Claro, você pode “deixar o celular em casa” sem querer, mas ainda assim era uma ação que dependia de você para acontecer, foi você que esqueceu.  

Estou dizendo tudo isso pois me incomodo demais com o uso do verbo deixar para se referir à pessoas que morreram. Principalmente quando usam para dizer que essa pessoa, a que morreu, deixou alguém. E quando dizem que essa pessoa deixou o filho, aí sim me dói a alma. Filho a gente deixa na casa da avó, na escola, na casa dos amigos e depois volta para buscar. Nenhuma mãe “deixaria” um filho se soubesse que não iria voltar. 

Recentemente, após a morte da cantora Marília Mendonça, vi uma frase que me tocou: toda mãe sabe que não pode morrer. E eu acrescento: toda mãe sofre quando sabe da morte de outra mãe. 

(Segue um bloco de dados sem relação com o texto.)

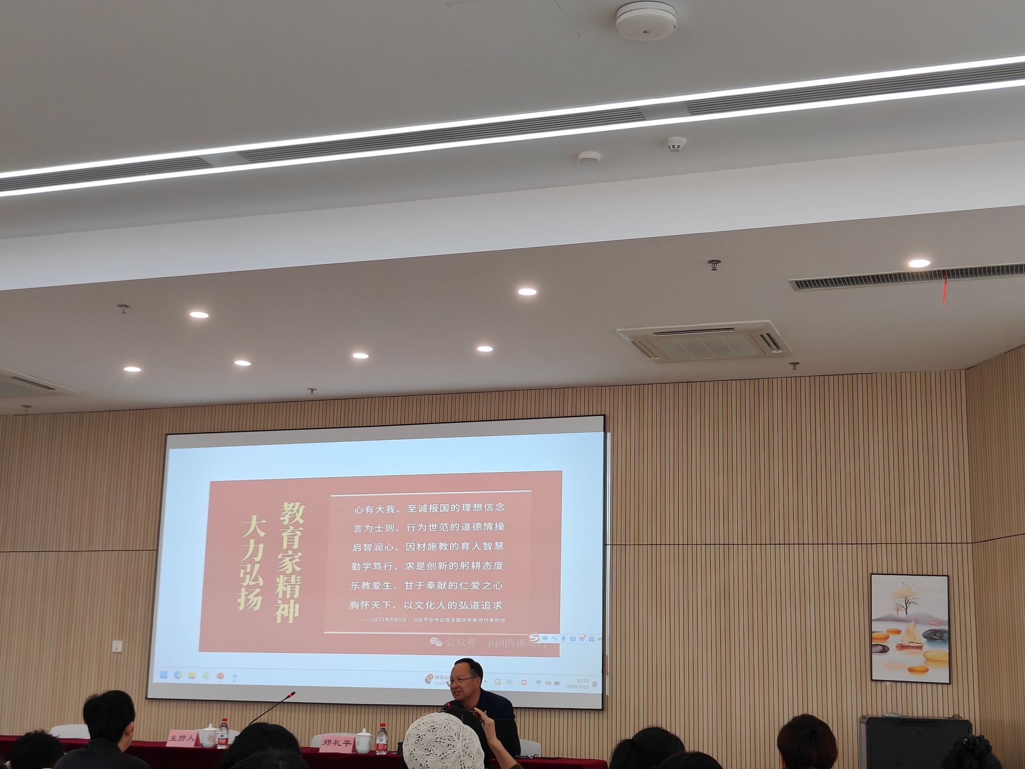 为大力弘扬教育家精神,推动新时代高素质教师队伍建设,3月19日,“五老”师德宣讲团教师郑礼平研究员受邀在潘天寿艺术教学楼213报告厅作题为《以教育家精神引领高素质教师队伍建设》的专题讲座。本次活动由体育学院、潘天寿建筑与艺术设计学院、物理科学与技术学院和数学与统计学院联合举办,吸引了百余名教师到场聆听,现场气氛热烈。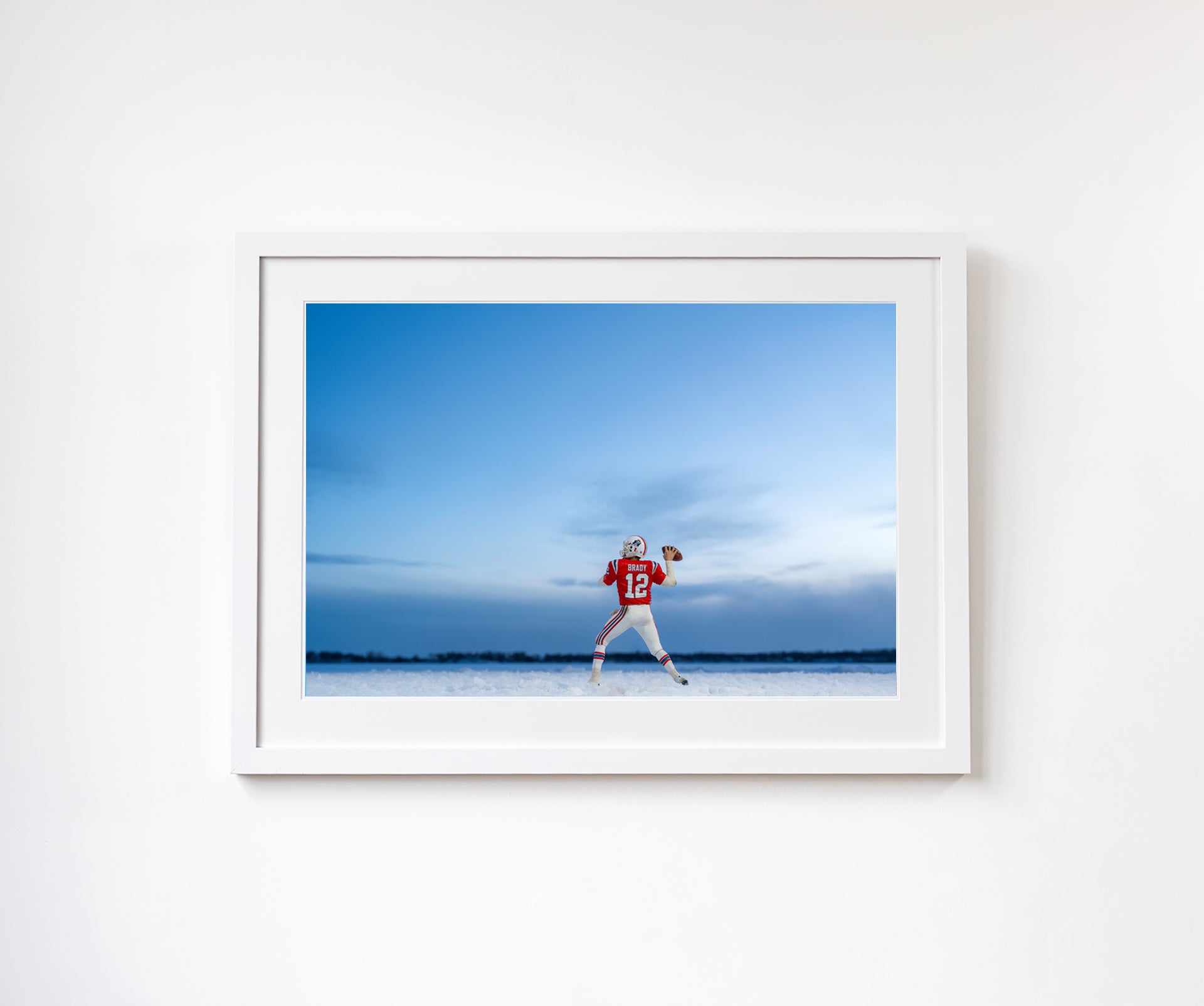 • Original photographic giclee print of a miniature Tom Brady figurine photographed in the snow.

Foi então que comecei a buscar um verbo para substituir o “deixar”, mas não encontrei. Parece que mesmo uma língua rica e complexa como a nossa, não dá conta de tantos sentimentos. Da mesma forma que não existe uma palavra para definir uma mãe que enterra um filho, não temos um verbo que explique para um filho que sua mãe se foi, mesmo não querendo ir.

Comentários

Carla Dias disse…
O dia em que encontrar esse verbo, por favor, compartilhe conosco.
Uma bela reflexão sobre a morte e a vida de quem fica com a ausência definitiva que ela promove.
Sandra Modesto disse…
Esse verbo é inexplicável mesmo. Ótima a sua reflexão.
Zoraya Cesar disse…
Que reflexão mais interessante, Clara!!! Ainda dá para escrever muito em cima do q vc disse. Se o coração machucado e a alma amedrontada deixarem, claro.
Paulo Barguil disse…
Obrigado, Clara, por não nos deixar sem este ótimo texto. :-)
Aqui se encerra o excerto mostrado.